## Directions
Output range, inclusive: from the line containing "點(diǎn)擊結(jié)" to the line containing "Im ersten Raum". Restate those lines from the data below word for word and only those.

## Source information
>>>>>

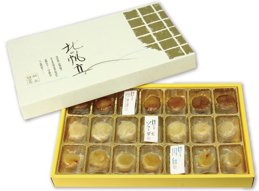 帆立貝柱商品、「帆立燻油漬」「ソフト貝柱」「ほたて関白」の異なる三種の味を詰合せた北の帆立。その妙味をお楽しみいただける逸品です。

<<<<<
>>>>>

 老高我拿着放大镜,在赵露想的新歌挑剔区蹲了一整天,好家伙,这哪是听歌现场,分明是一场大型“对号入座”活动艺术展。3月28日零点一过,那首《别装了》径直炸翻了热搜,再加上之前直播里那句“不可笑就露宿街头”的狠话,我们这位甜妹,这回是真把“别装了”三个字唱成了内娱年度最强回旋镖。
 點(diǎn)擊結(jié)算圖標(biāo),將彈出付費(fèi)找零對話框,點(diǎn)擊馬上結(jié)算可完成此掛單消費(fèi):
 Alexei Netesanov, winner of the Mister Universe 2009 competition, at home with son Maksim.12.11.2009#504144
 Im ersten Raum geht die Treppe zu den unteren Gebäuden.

<<<<<
>>>>>

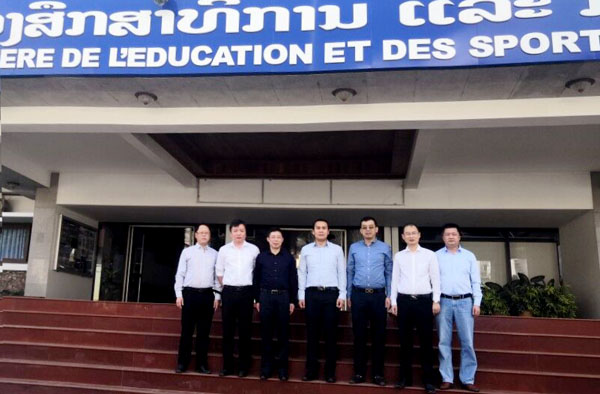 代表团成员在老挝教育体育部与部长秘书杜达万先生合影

<<<<<

## Your response
 點(diǎn)擊結(jié)算圖標(biāo),將彈出付費(fèi)找零對話框,點(diǎn)擊馬上結(jié)算可完成此掛單消費(fèi):
 Alexei Netesanov, winner of the Mister Universe 2009 competition, at home with son Maksim.12.11.2009#504144
 Im ersten Raum geht die Treppe zu den unteren Gebäuden.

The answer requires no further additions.